I will stick with the Spectra 3000. Thank you so very much.


----------



## thedigiguy (May 11, 2010)

I agree, be very cautious. If it looks questionable, it probably is. 
It sounds like they are trying to confuse unsuspecting buyers with the name.


----------



## lazographics (Mar 5, 2009)

I'm curious as to why the guy kneeling on the floor has his finger on the top cover of the printer. Is he keeping it from shaking? And why is the printer on the floor?


----------



## Rodney (Nov 3, 2004)

> I guess the moderators deleted the posts


Yes, the self promotional posts from the seller were reported by members and moderated as per our forum guidelines


----------



## celticnations (Aug 3, 2014)

I think you miss understand me. I don't make these printers. They are made in Utah by another company. Not trying to be anything I was or am not. We purchased one of these and liked them so much we started selling them.

I was speaking as a customer because I am a customer. 

Not trying to hide anything by suggesting they call other customers like me who like them.

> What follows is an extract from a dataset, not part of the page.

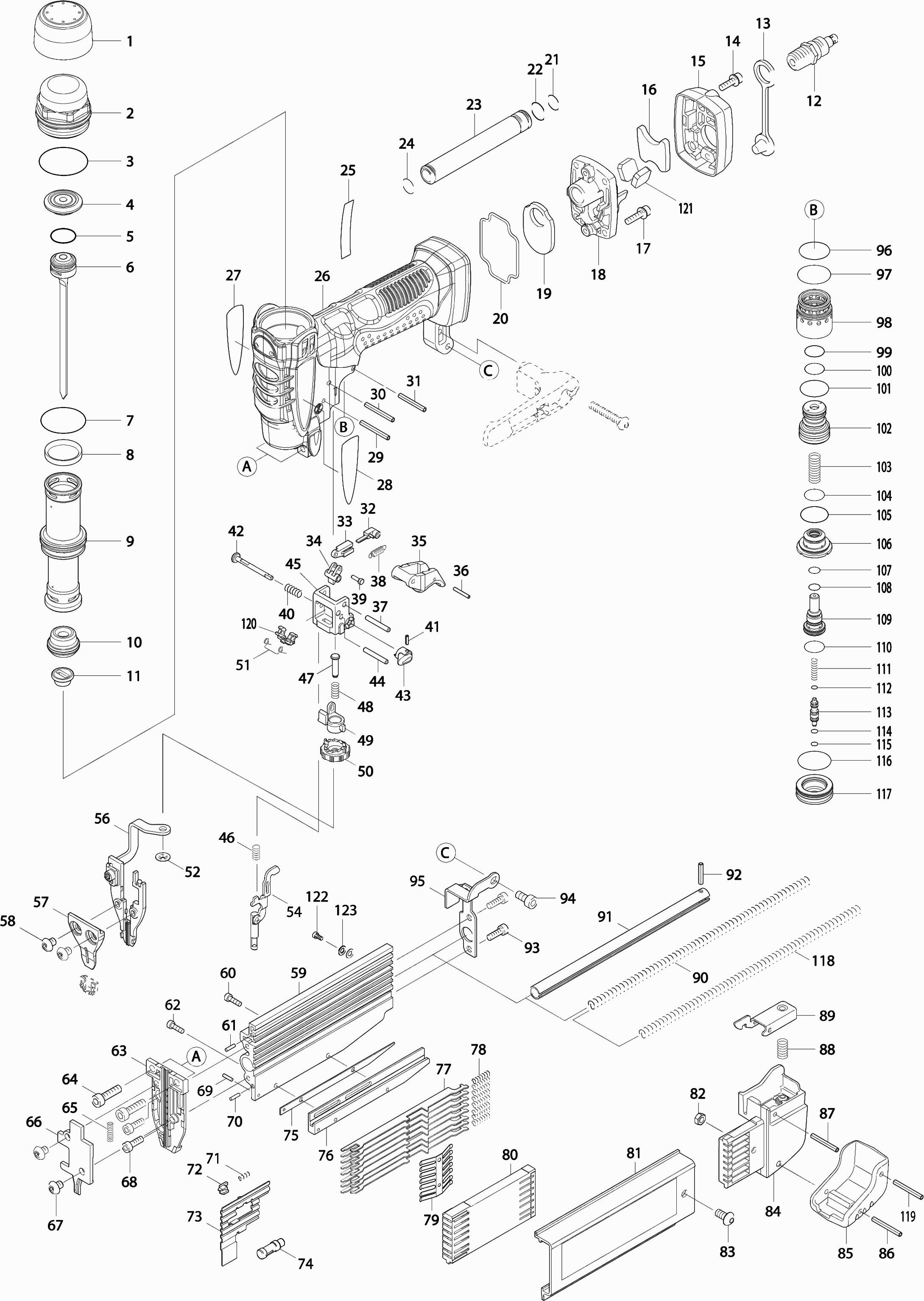 Hier vindt u alle beschikbare onderdelen en tekeningen van de 'Makita AF500HP'. Vanaf hier kunt u direct alle gewenste onderdelen bestellen. Vele onderdelen moeten bij de fabrikant besteld worden, dit duurt afhankelijk van het merk, één tot vier weken. Alle informatie die we hebben, staat op onze website, wij kunnen u geen advies geven over wat u nodig heeft, daarvoor zult u de machine ter reparatie in moeten leveren. Let bij het bestellen op het volgende:

If you thought otherwise my apologies.


----------



## celticnations (Aug 3, 2014)

Thanks for that!


----------



## celticnations (Aug 3, 2014)

Also there is a thread here on Mesaprint. I think it was not the Epson R3000 but it is the thread (GASP) of another happy Mesaprint customer. 

For your viewing pleasure...

http://www.t-shirtforums.com/diy-dtg/t434833.html#/forumsite/20502/topics/434833


----------



## 102557 (Mar 6, 2010)

lmcclain6 said:


> Thank you so much for your input and advice is taken. I asked them to take a picture of the label showing the Epson name on the machine and his reply was "We have sold at least 10 of these on Ebay". This comment does not satisfy my inquiry.
> 
> I will stick with the Spectra 3000. Thank you so very much.


lmcclain6

Your basically looking at a hobby printer with friction drive, made by mesa prints out of Arizona (they made the easy t printer) here is a brief on the differences in another thread.. do your homework if your serious about printing!!! http://www.t-shirtforums.com/direct-garment-dtg-inkjet-printing/t446570.html#post2490154


----------



## celticnations (Aug 3, 2014)

Thanks German for explaining. I Just explain my experience with the printer. I just felt like I was being trashed by that one fellow for something I did not do. 
My first contact with with most folks includes a statement about joining this forum so I felt like I needed to chime in.
Thanks for further explaining Mesaprint.


----------



## Rodney (Nov 3, 2004)

> I just felt like I was being trashed by that one fellow for something I did not do.
> My first contact with with most folks includes a statement about joining this forum so I felt like I needed to chime in.


Just to explain, the reason why you may have had some backlash is because we frown upon self promotional posts here.

So when your posts aren't fully transparent (like mentioning you are a seller of the machine you are writing rave reviews for...*before* you make the posts), then it can raise some red flags 

You explained the situation, the member has gotten some feedback on the printer they are looking into, so hopefully things can move on from here


----------



## celticnations (Aug 3, 2014)

No problem I fully understand that I should have been less off the cuff and more thorough in my post. I was just trying to say that we use one and love it.
Now I have a question. I do state in the above that the printer is "direct drive" when ya'll read that does this say "friction drive" to you or should it just say friction? As this seems to be a big deal with which type machine is chosen. Thanks in advance.


----------



## celticnations (Aug 3, 2014)

Or better yet is there anything that should be included or is not relevant. Thanks


----------